The Day I Sent Indian Face
When a death route becomes an obsession, the question isn't how could you climb it. It's how could you not.

Nov 26, 2018 | The Day I Sent

Angus launching up Indian Face. Photo: Nick Dixon

It was right at the top of the list of things I would never do.

Indian Face is not the hardest trad route in Britain, but it’s perhaps the most infamous. It was the UK’s first E9 and the wildest thing I had heard of when someone described it to me at the age of fourteen. Failure on the route, an insecure 150-foot face climb with barely anything to protect it, is thought to be fatal, although no one has yet taken the big fall. The notion of climbing something so outrageously bold just blew my little mind. Since the first ascent in 1986, only a handful of climbers have rolled the dice with a lead, none without some form of top-rope rehearsal and none without a story to tell afterward.

[Ed note: Indian Face is rated E9 6c, which roughly means very, very run-out 5.12+.]

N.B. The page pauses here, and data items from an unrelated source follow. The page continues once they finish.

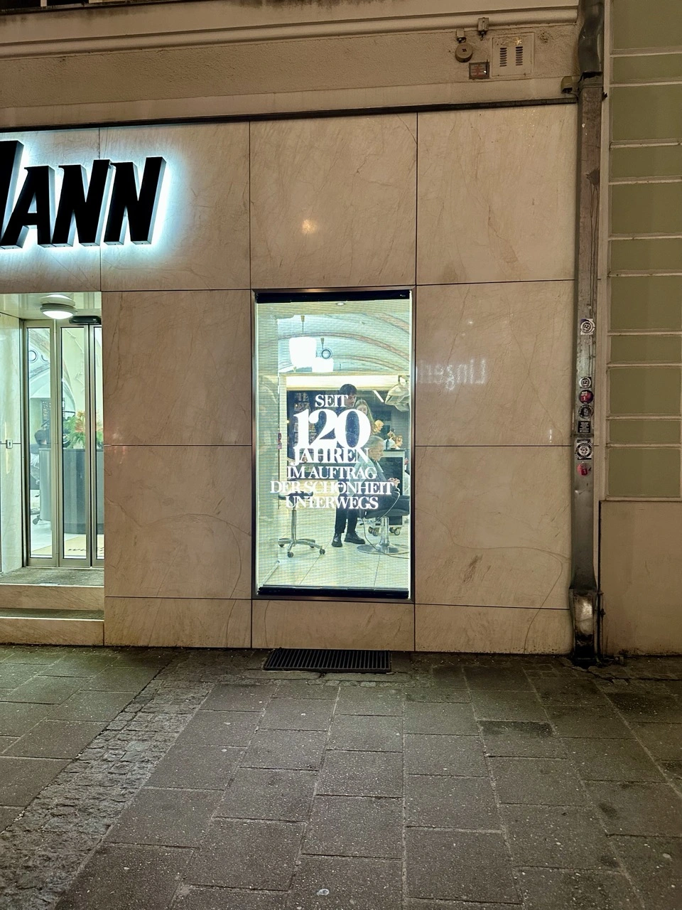 Zum 100-jährigen Jubiläum hat sich der bekannteste Friseursalon der Linzer Innenstadt selbst ein Geschenk gemacht, das weit über klassische Werbung hinausgeht: eine digitale Innovation, die Schaufenstergestaltung völlig neu denkt. Ein maßgefertigtes transparentes LED-Mesh, das sich unsichtbar in die Glasfassade integriert und dennoch maximale Aufmerksamkeit erzeugt.
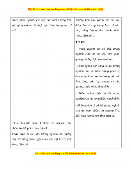 - GV đưa ra câu hỏi để HS trả lời: Hãy kể tên các lĩnh vực vật lý mà em đã được học ở
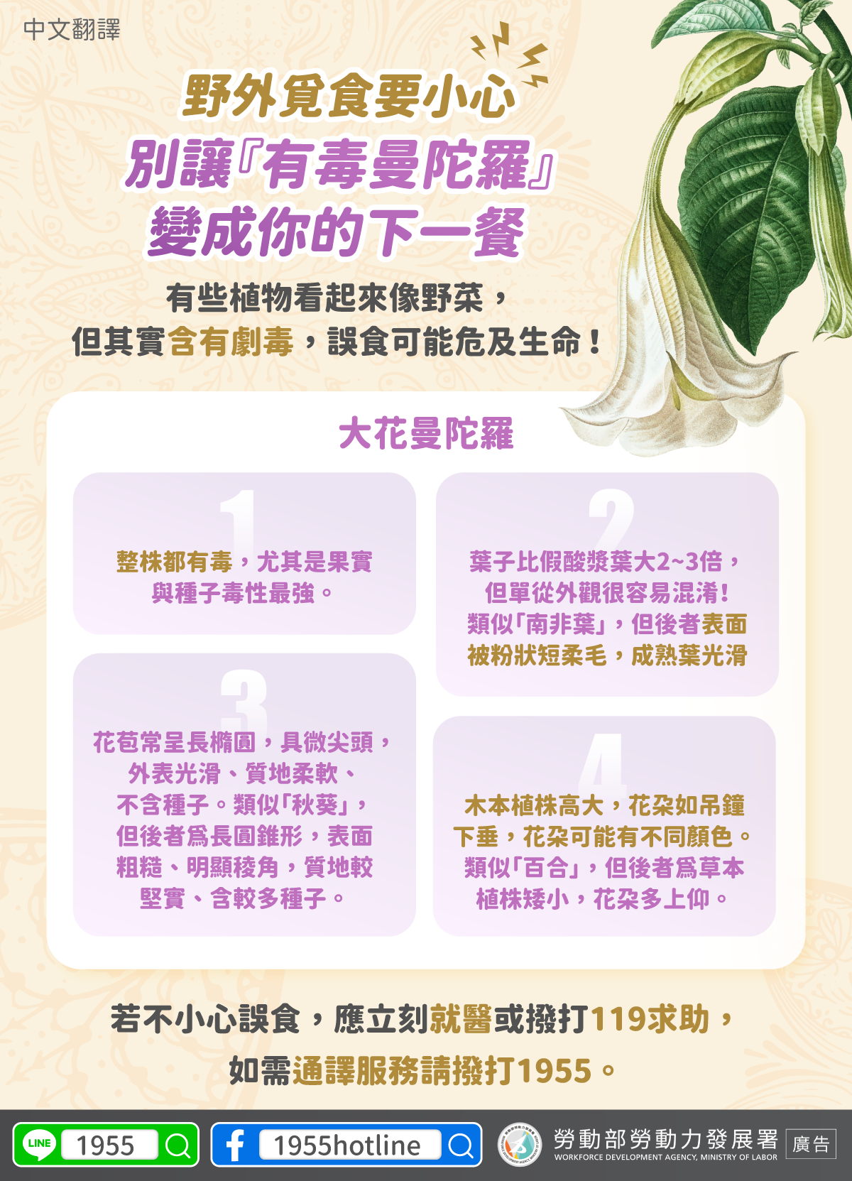 若不小心誤食,應立刻就醫或撥打119求助,如需通譯服務請撥打1955
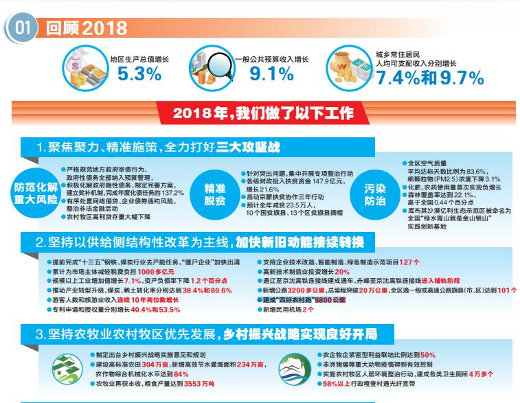 一年来,在以习近平同志为核心的党中央坚强领导下,我们深入学习贯彻党的十九大和十九届二中、三中全会精神,牢固树立“四个意识”,坚定“四个自信”,坚决做到“两个维护”,全面落实党中央、国务院决策部署,按照自治区党委工作部署,积极应对各种困难和挑战,锐意进取,扎实工作,全区经济社会持续健康发展。初步核算,地区生产总值增长5.3%,一般公共预算收入增长9.1%,城乡常住居民人均可支配收入分别增长7.4%和9.7%。
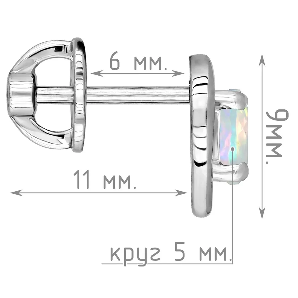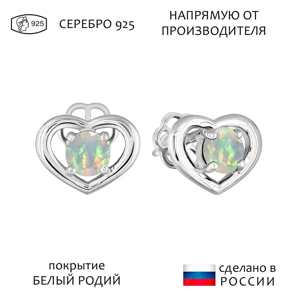Серебряные серьги гвоздики (пусеты) с натуральным опалом (Экстра) - Сердце / покрытие Белый Родий.
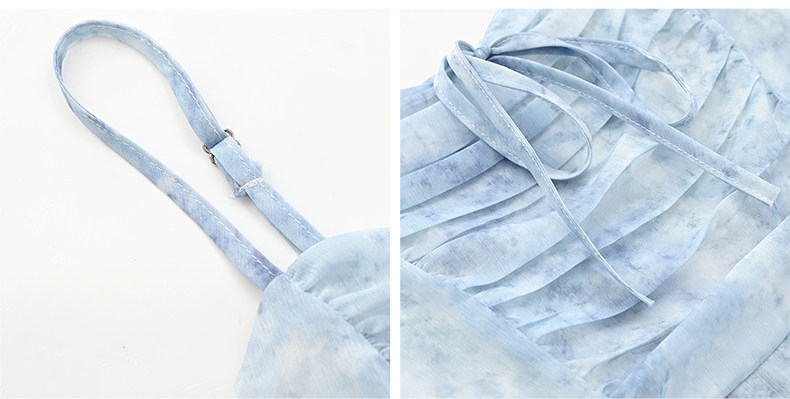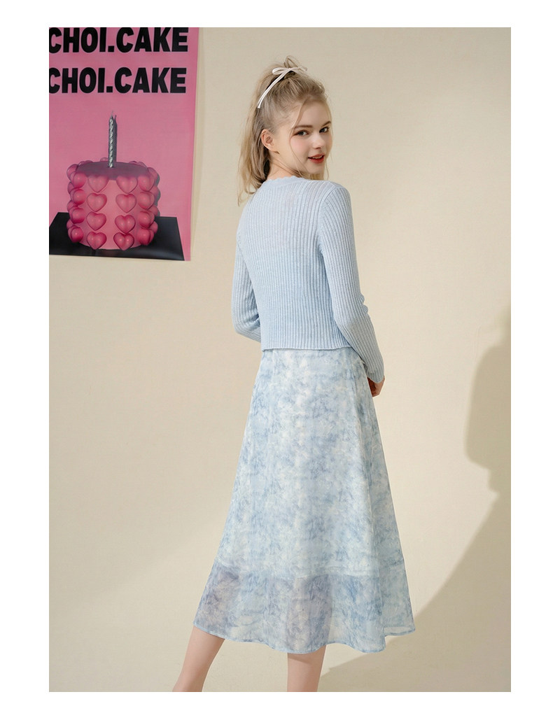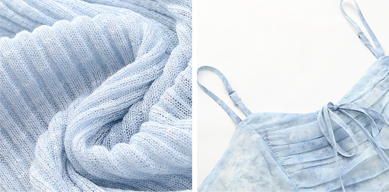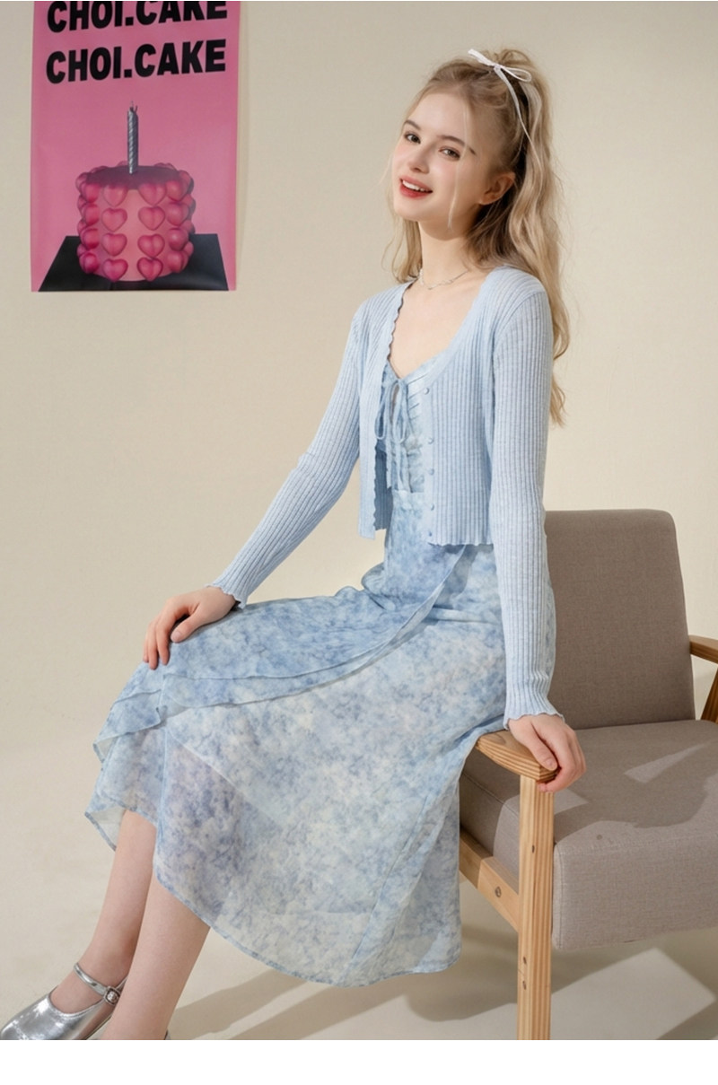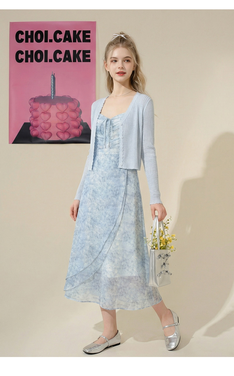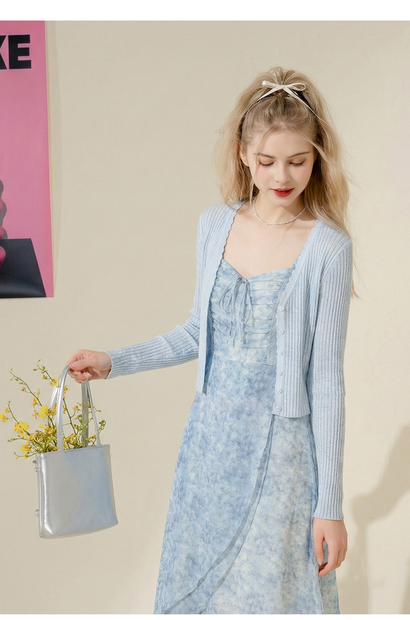 mc2吊带碎花裙+针织披肩两件套女夏季新款显白蓝色系小个子
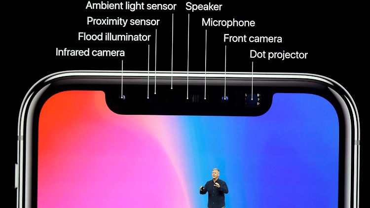 Statt Touch ID hat das iPhone X Face ID. Kameras und Sensoren, die auf der Vorderseite in einer knappen Display-Aussparung an der Oberseite sitzen, erstellen mit über 30.000 Punkten einen 3D-Scan des Gesichts. Im Dunkeln leuchtet zusätzlich ein Infrarot-Licht. Wie Huaweis angekündigter Chip Kirin 975 hat auch der A11 einen neuronalen Prozessor für maschinelles Lernen. Unter anderem soll Face ID so auch funktionieren, wenn ein Nutzer sein Aussehen verändert, beispielsweise eine Brille aufsetzt oder die Frisur wechselt. Durch die vielen im Chip gespeicherten Informationen soll Face ID auch sicherer als Touch ID sein. In Demos arbeitet es so schnell, dass kaum eine Verzögerung wahrnehmbar ist.

When I first visited Indian Face, it was just curiosity. I just wanted to see it in the flesh, put a name to a face. The route is immaculate, so thin it’s barely there; you just balance your way tentatively up this improbable slab. I’d walk up to Clogwyn D’ur Arddu (Cloggy), on the side of Snowdon in North Wales, just to have a look. Another harmless visit, on my own, keeping it quiet. I would play on a fixed line, fascinated by it, but sickened by the thought of leading it with so little gear.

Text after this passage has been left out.